Вспыхнуло что-то ослепительное в выси, будто бы белое солнце взошло; взревело воем сброшенной бомбы, надвинулось вплотную; треск — резкий, пулеметный. Качнулась земля Марина рухнула, вздохнули облегченно: наконец-то! И уже не слышала и не чувствовала, как профессор Весенин поднял ее с залитого кровью земляного пола палатки и, шатающийся, куда-то понес…
«Ерш» валяло с борта на борт. В снежном шторме траулер ослеп, потерял дар голоса: сорвало антенну. Дизель задыхался, поминутно вместе с судном принимая то боковое, то почти вертикальное положение. Фомин рассек лоб вкось над бровью: ударился о крышку цилиндра. Кровь размазалась по лицу, опухоль закрыла глаз. Моторист с тревогой вслушивался в гулкие перекаты под фундаментом дизеля — ему казалось, что воды там стало больше. Он запускал мотопомпу — вода ревела по-прежнему, и не понять было — то ли под настилом моторного отделения, то ли под днищем траулера.
На медном диске машинного телеграфа стрелка показывала: «Средний». Перед таким же диском в рулевой рубке, пружиня ноги, вцепившись руками в поручень, стоял капитан, вглядывался в белую тьму.
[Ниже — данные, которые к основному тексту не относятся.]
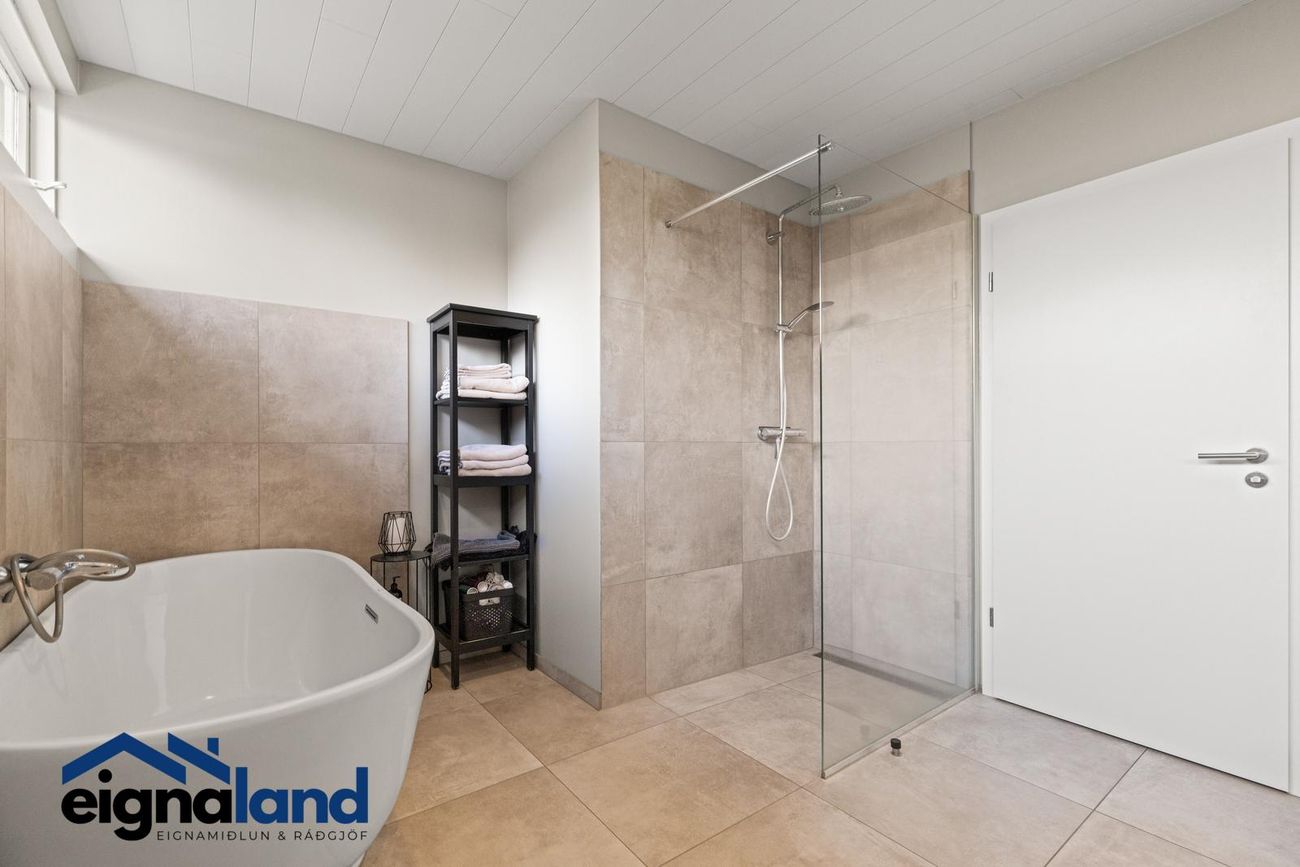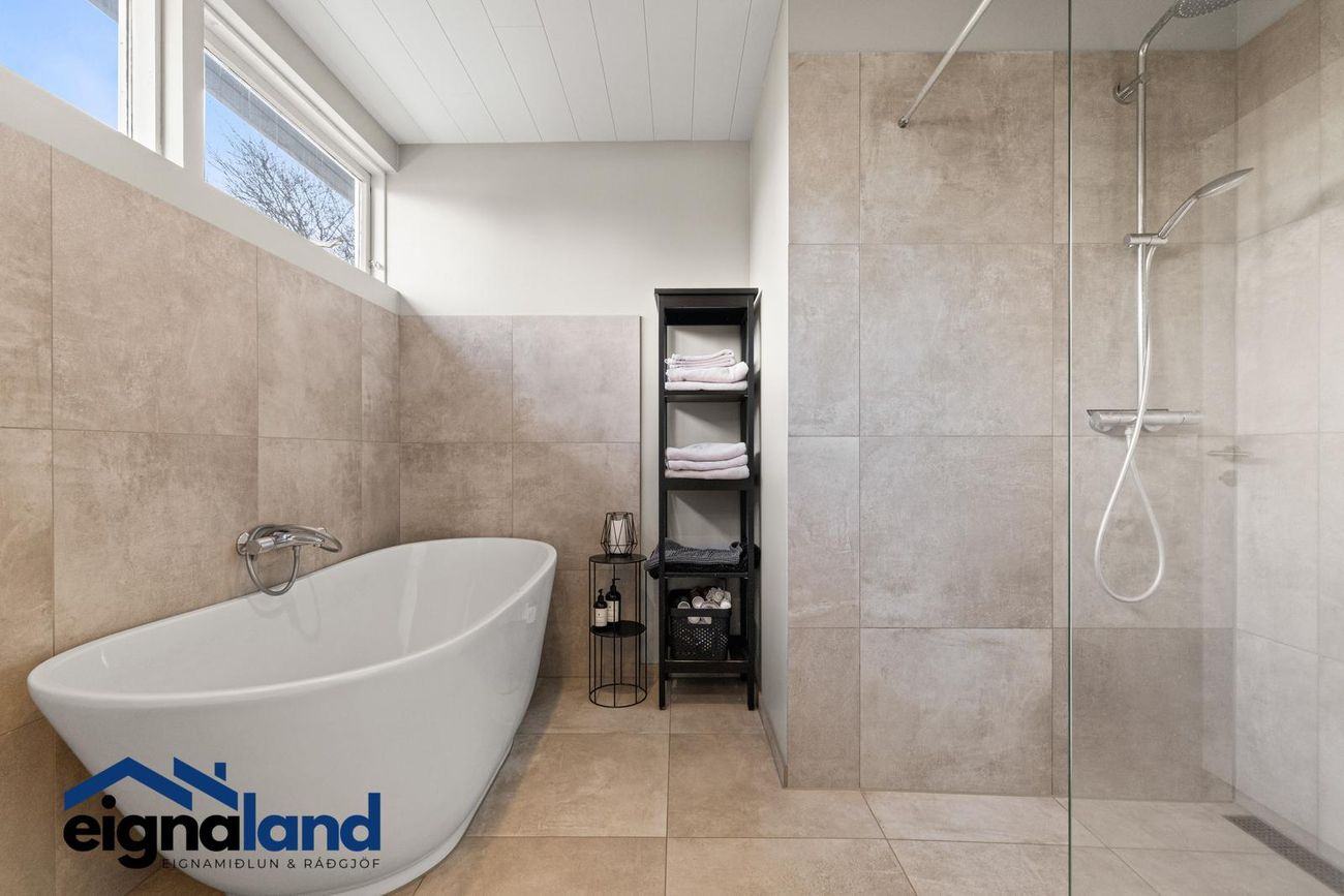 Baðherbergi: Glæsilegt baðherbergi sem var endurnýjað árið 2020. Frístandandi baðkar og einnig er sturtuklefi. Smekkleg hvítlökkuð innrétting, upphengt wc og handklæðaofn. Flísar eru á gólfi og veggjum.

Волны вырастали то прямо по носу, то справа, то слева, то шли стеной на корму. Траулер стонал, проваливался в пену, в мрак, в пустоту.
Алексея тревожили эти ладожские волны, зловредные свойства которых особо отмечены в старых книгах. Высокие, короткие, отрывистые, они всегда были страшны судам без балласта. А «Ерш», как на грех, шел не только без специального балласта, но, по осеннему холодному времени, даже и безо льда. Капитан ругал себя за такую оплошность. Он до светляков в глазах всматривался в снежную круговерть… Стена вокруг, и больше ничего. «Ерш», казалось, бился в какой-то глухой коробке. Положили его туда и трясли, испытывали, как долго выдержит, скоро ли развалится? Оставалось одно: идти только по компасу, делая поправки на вращательное ладожское течение.
В носовом кубрике собралась команда, все ловцы. Сидеть возле стола, освещенного потолочной, нервно мигающей лампочкой, было невозможно. Лежали на двухъярусных нарах, держались за медные стойки, а то слетишь на пол вместе с жестким, матрацем. Тралмейстер Колдунов басил из угла:
— Десять баллов верных. Как бы к водяному царю в гости не довелось попасть.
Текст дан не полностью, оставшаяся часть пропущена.